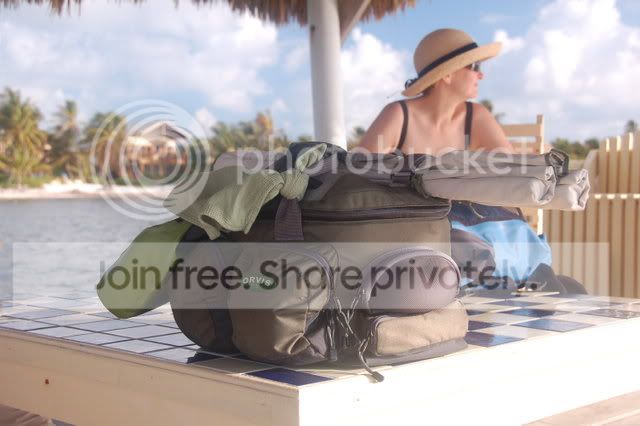 My wife awaiting the morning dive boat with my boat bag awaiting a day of fishing
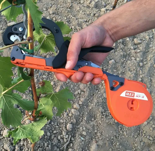 La atadora MAX-Tapener HT-R2 automatiza el proceso de tutorado, reduciendo drásticamente tiempo y costo de mano de obra.
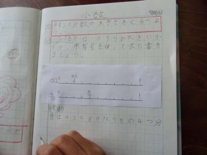 数直線図から小数と分数の大きさをくらべました。
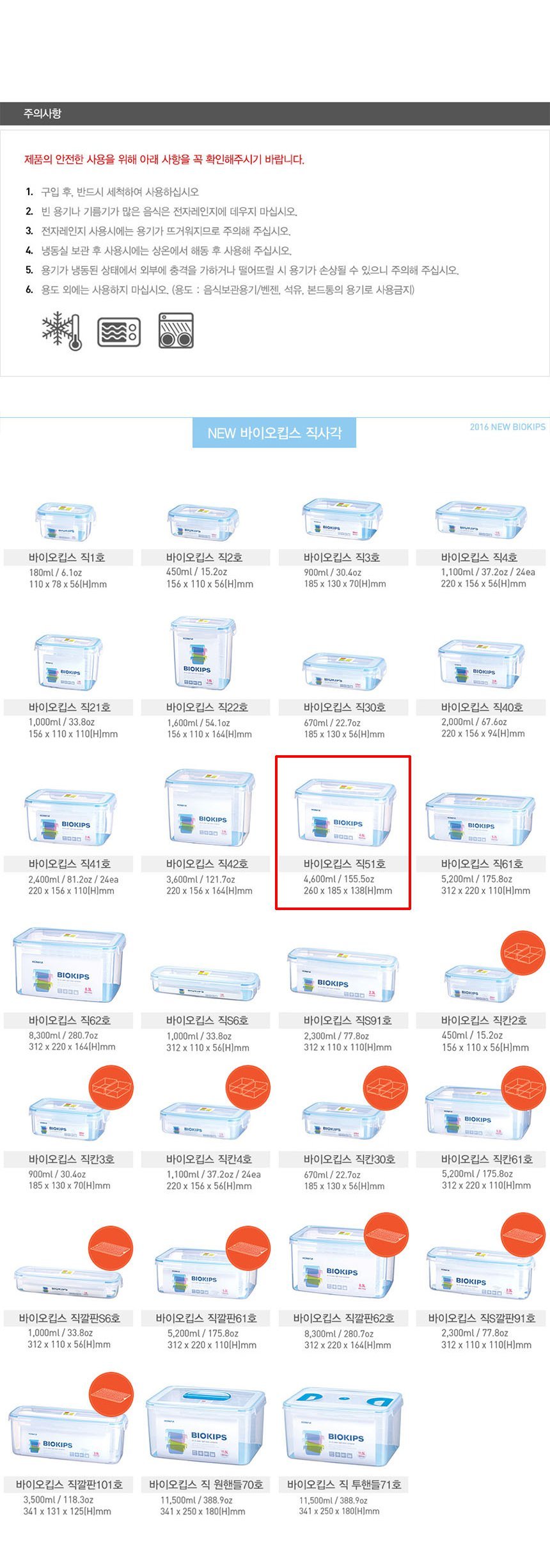 코멕스 바이오킵스 직사각51호 밀폐용기 투명용기
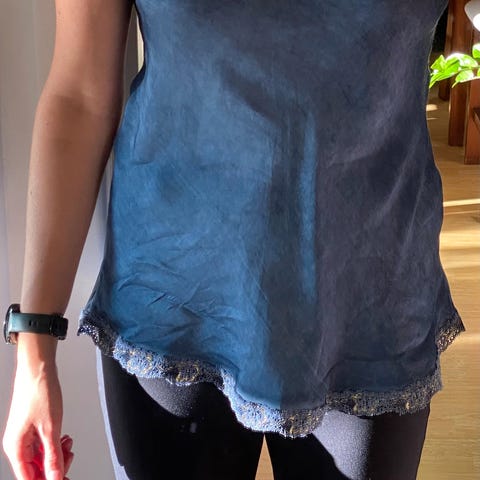 Keywords: satengtopp, blondetopp, blå topp, silkemyk, feminin, elegant, festtopp, camisole, chic, layering, tidløs stil, boho-chic, sommerfavoritt
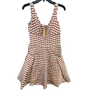 Z Spoke Zac Posen Mini Dress Womens Size 4 Orange Taupe Geometric Stripe Fit Flare
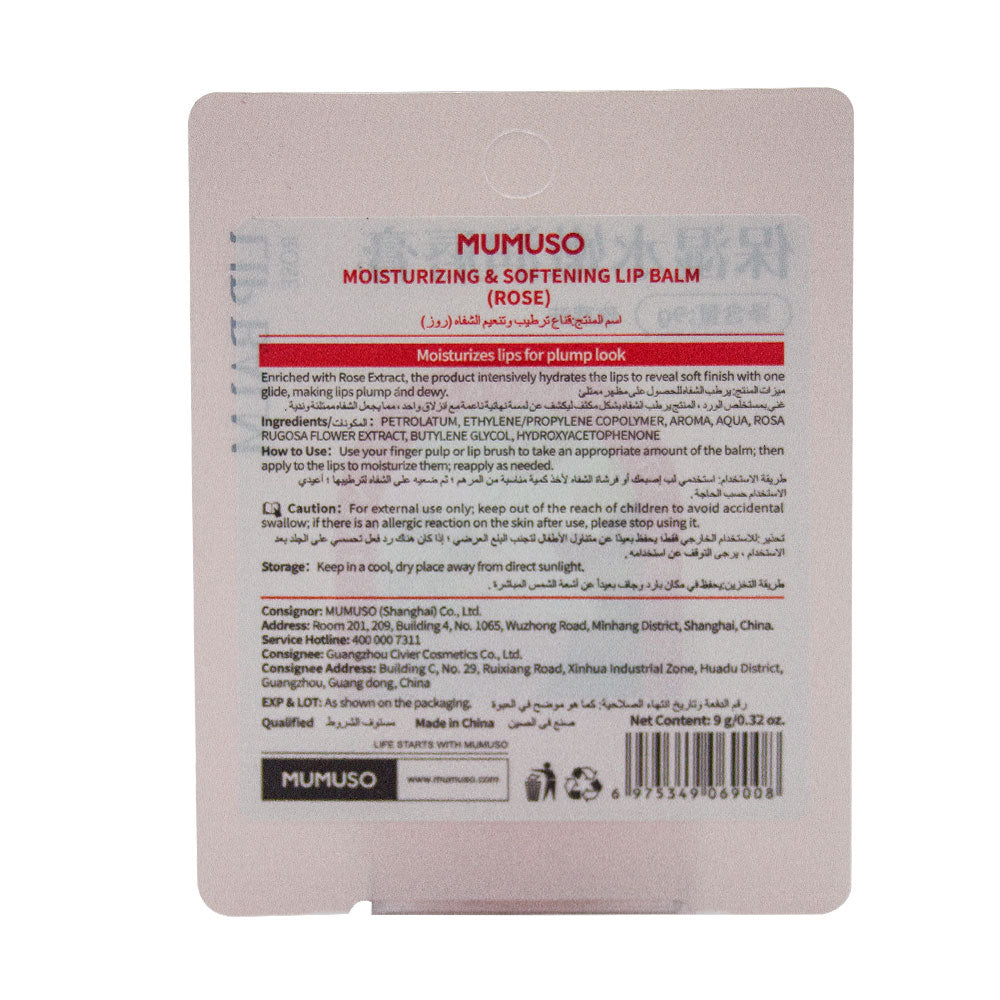 Experience the power of Mumusos Moisturizing & Softening Lip Mask, infused with nourishing rose extract. This luxurious lip mask deeply hydrates and softens lips, leaving them supple and smooth. Say goodbye to dry, chapped lips with Mumuso.
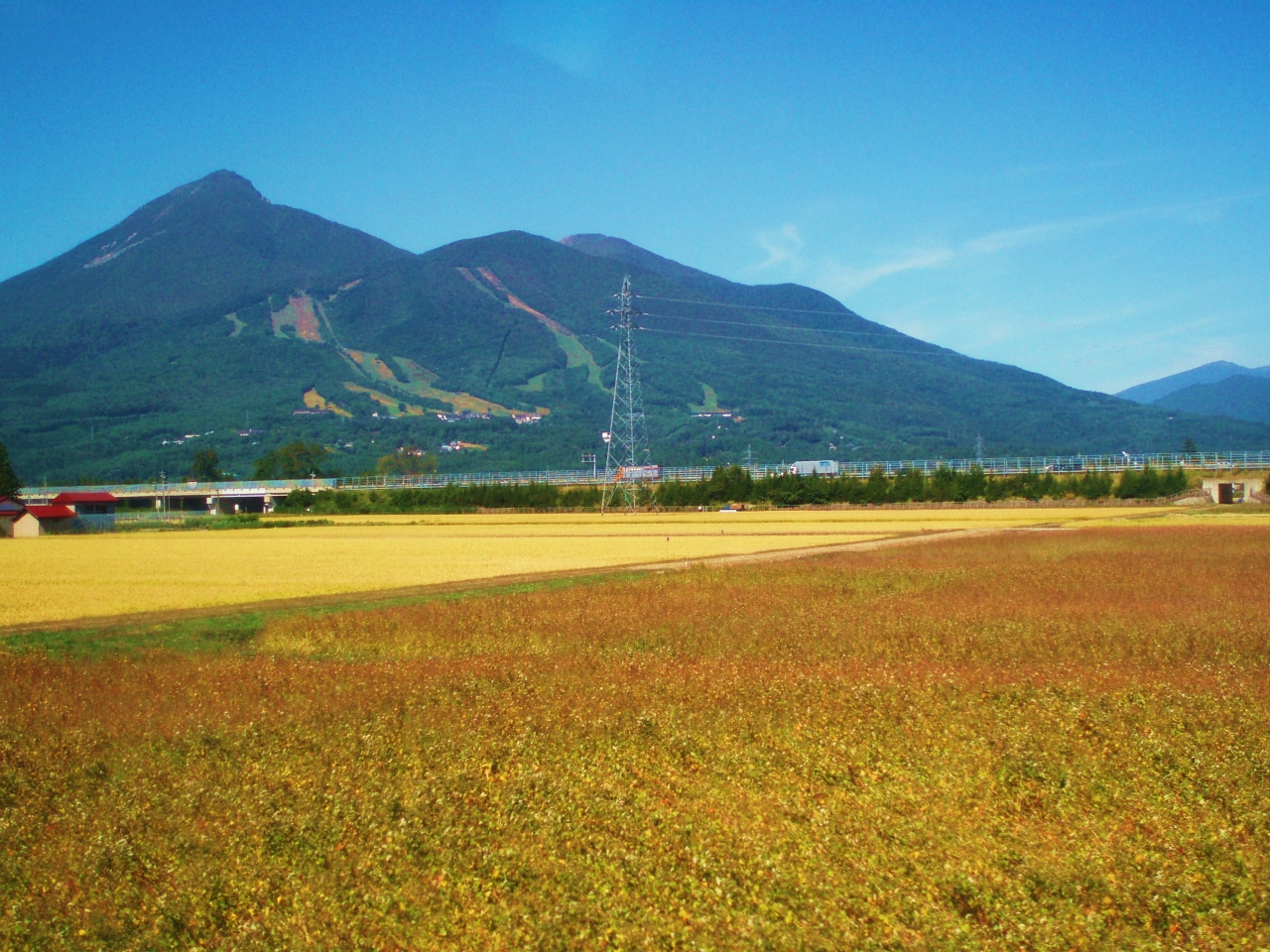 蕎麦の花と磐梯山 秋には黄金色の稲が美しい
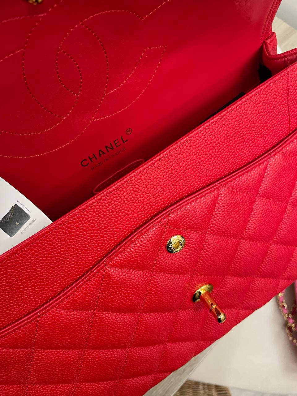 Сумка женская 30 см Chanel LUX-112130 представляет собой элегантный аксессуар от известного бренда. Эта модель выполнена в ярко-красном цвете с классическим стеганым дизайном, что придает ей изысканный вид. Сумка дополнена золотистой цепочкой и логотипом бренда, подчеркивающими ее роскошный стиль.
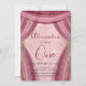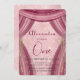 Blush Pink and Burgundy Marsala First Birthday Turning One Curtains and Sparkling String Lights Birthday Party Invitation. This invitation is perfect for a Blush Pink, Gold and Burgundy themed Turning 1 for a Girl Birthday Party.
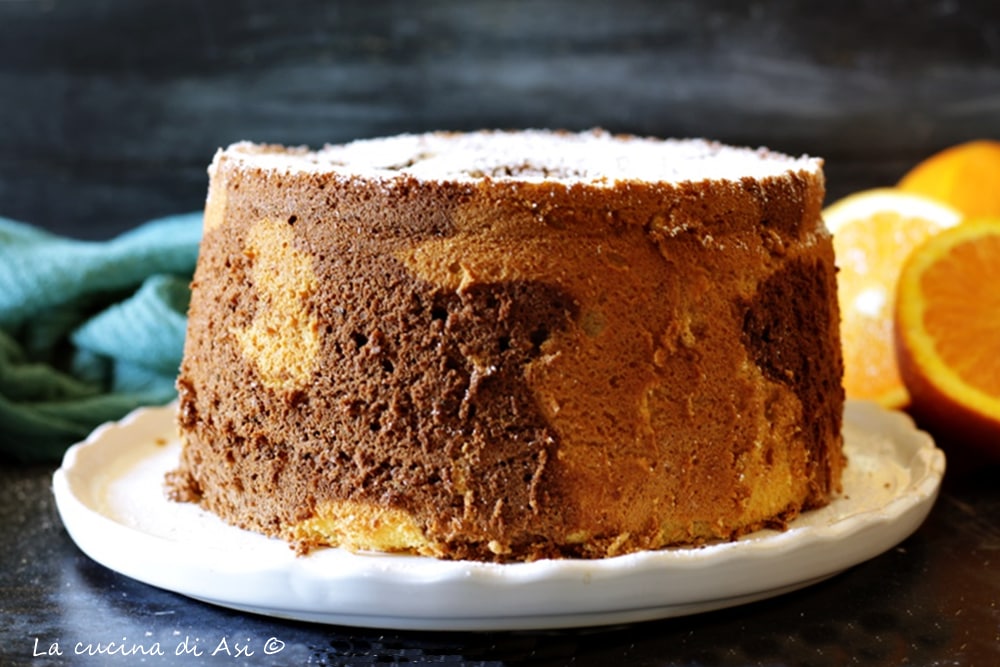 Um novo bolo super fofo chiffon cake com laranja e chocolate, delicioso assim com uma simples polvilhada de açúcar de confeiteiro, mas que podemos servir com um creme inglês ou com um creme de laranja para enfatizar o sabor do cítrico!

__Assignment__
Repeat nothing but the lines from the one containing "蕎麦の花と磐梯山 秋には黄金色の稲が美しい" through the last line of the listing, both included, exactly as written, and omit any picture.

__Task result__
 蕎麦の花と磐梯山 秋には黄金色の稲が美しい
 Сумка женская 30 см Chanel LUX-112130 представляет собой элегантный аксессуар от известного бренда. Эта модель выполнена в ярко-красном цвете с классическим стеганым дизайном, что придает ей изысканный вид. Сумка дополнена золотистой цепочкой и логотипом бренда, подчеркивающими ее роскошный стиль.
 Blush Pink and Burgundy Marsala First Birthday Turning One Curtains and Sparkling String Lights Birthday Party Invitation. This invitation is perfect for a Blush Pink, Gold and Burgundy themed Turning 1 for a Girl Birthday Party.
 Um novo bolo super fofo chiffon cake com laranja e chocolate, delicioso assim com uma simples polvilhada de açúcar de confeiteiro, mas que podemos servir com um creme inglês ou com um creme de laranja para enfatizar o sabor do cítrico!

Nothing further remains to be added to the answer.